Learn about the five major types of authentication and understand how they work.


Authentication is how we prove our identity to access protected apps, services, and networks. 

There are many ways to authenticate, from simple usernames and passwords to more complex digital certificates, with each type varying from the next based on what it uses to verify identities, how secure it is, and how easy to implement.

In this article, we'll walk you through the five major authentication types and discuss how they work so you can decide when to use or avoid them.

Types of authentication

Authentication is the process of verifying a user's identity, typically through factors like emails, passcodes, or passkeys. It answers the question, "Who are you?".

There are lots of authentication methods out there, but they all generally fall under the following 5 types:

  • Username and password: Requires a username and password.
  • Multi-factor authentication: Requires multiple authentication layers like an SMS code on top of a password.
  • Token-based authentication: Requires a digitally signed set of claims or assertions about a user to log in. 
  • Certificate-based authentication: Uses digital certificates to verify identity.
  • Biometric authentication: Essentially a form of certificate-based authentication that verifies identity using fingerprints, facial recognition, or other physical characteristics.

Username and password authentication

Username/password authentication is one of the most common authentication methods. A user is verified if their username (which could be an email) and password combination match what’s in the database.

A user creates an account with a unique username and a password which you store. When logging in, they enter their details which you compare against your database. If there’s a match, you grant them access.

Username/password authentication is simple to implement. At its most basic level, you only need a form where users can submit their details and a database for storage. 

It’s however notoriously prone to hacking — 65% of users always or mostly use the same password or a variation.

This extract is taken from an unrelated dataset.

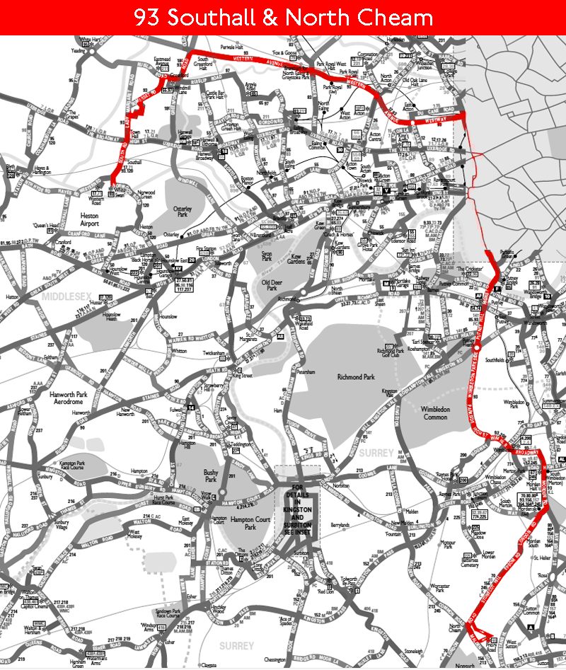 - Somerset Road - Allenby Road - Ruislip Road - Greenford - Western Avenue - Perivale - Park Royal Stn - North Acton - East Acton - Westway - Wood lane - Shepherds Bush - Hammersmith - Fulham Palace Road - Fulham High Street - Putney Bridge - Putney High Street - Putney Hill - Putney Heath - Parkside - Wimbledon Village - Wimbledon Station - South Wimbledon Stn- MORDEN STATION ( Mon-Fri ) - Stonecot Hill - NORTH CHEAM Priory Road ( Mon-Fri peaks / Sat / Sun )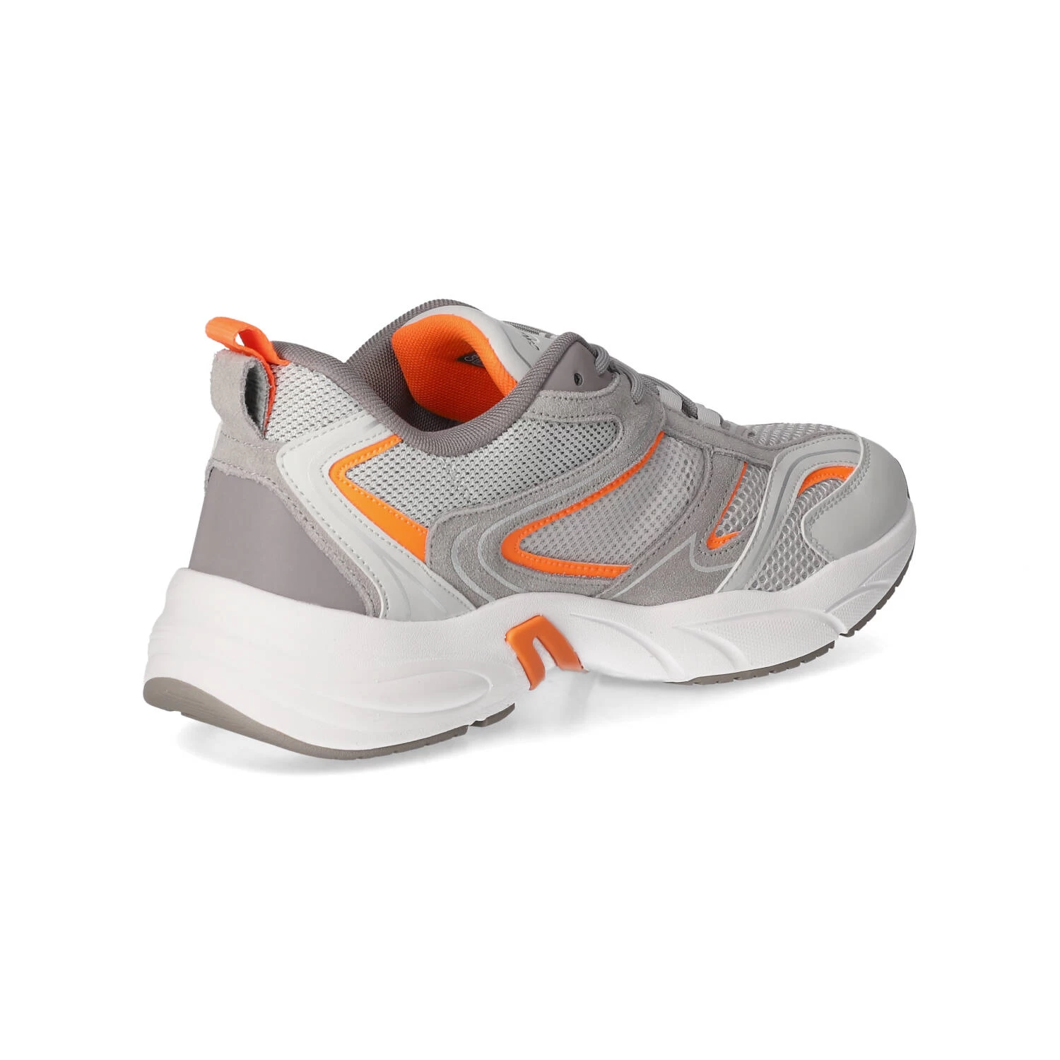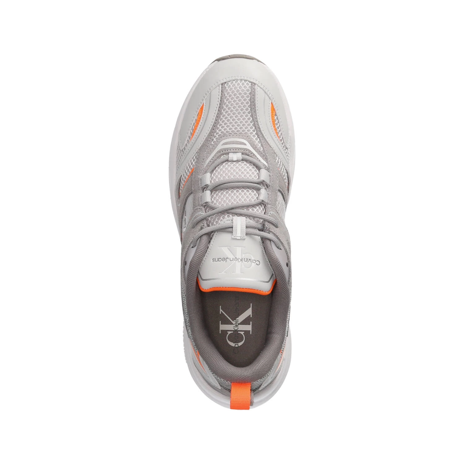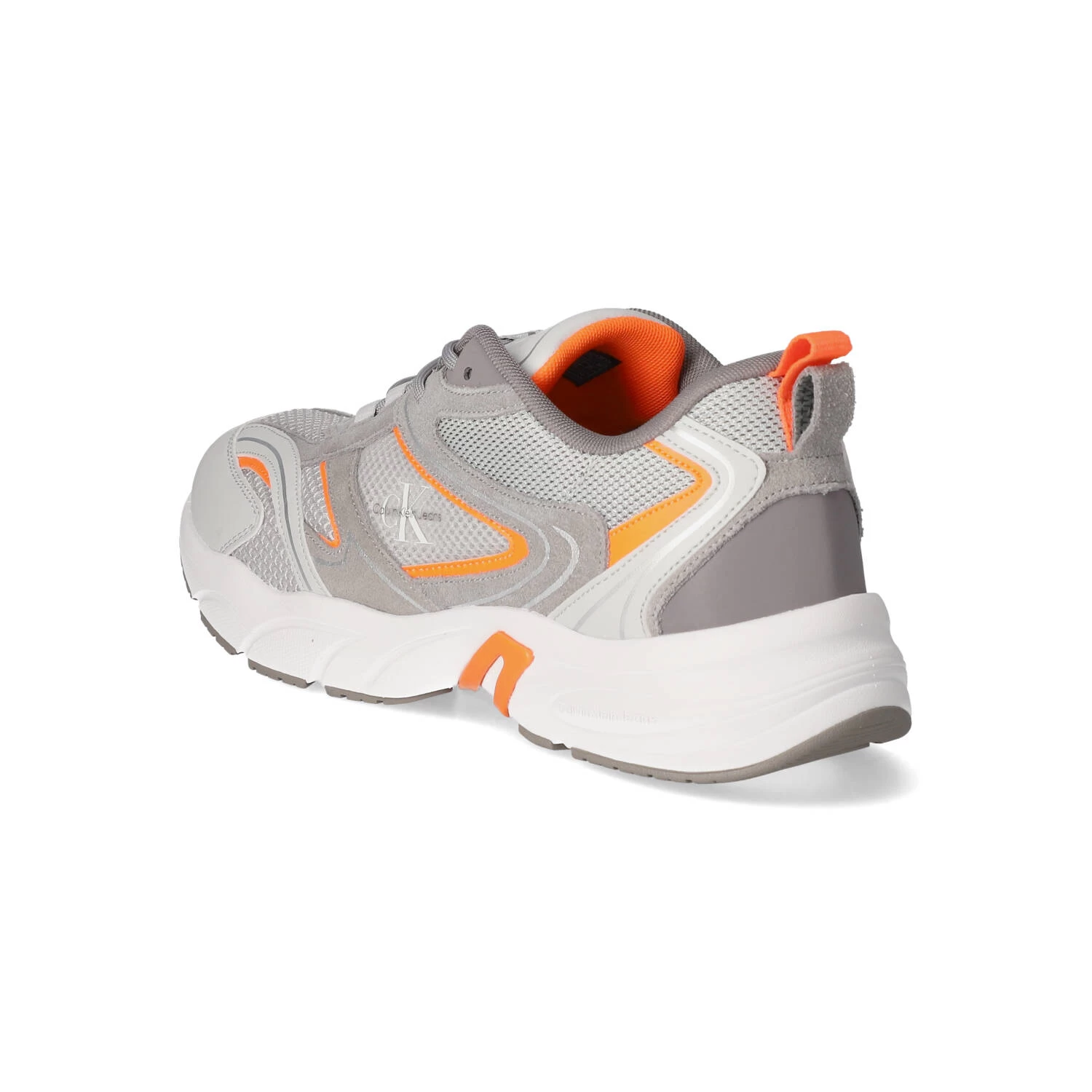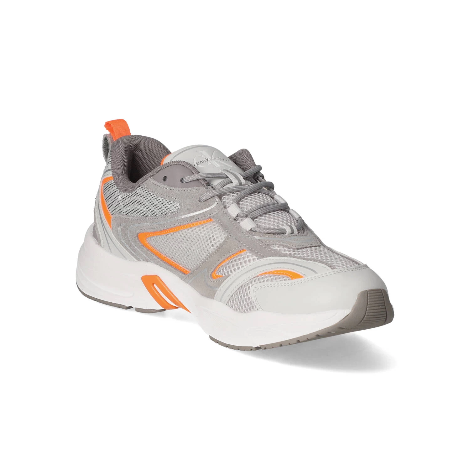 Calvin Klein Jeans Herren Low Sneaker Grau Leder-Textil-Mix – sportliches Design – orange Highlights – typische Markendetails – SchnĂĽrung – Anziehlasche – verstärkter Zehen- und Fersenbereich – gepolsterter Einstieg – leichtes Textilfutter – gepolsterte Decksohle – flexible, rutschhemmende Profilsohle

To limit the security risk, you can:

  • Require strong, unique passwords.
  • Always hash passwords before storing them.
  • Combine passwords with multi-factor authentication like one-time codes sent via email (we’ll talk about this in the next section).
  • Monitor for suspicious login activity and lock accounts after a certain number of failed login attempts.

Because of the security risks, username/password authentication is best suited for apps or services whose security is not a priority or just as a first line of defense in multi-factor authentication.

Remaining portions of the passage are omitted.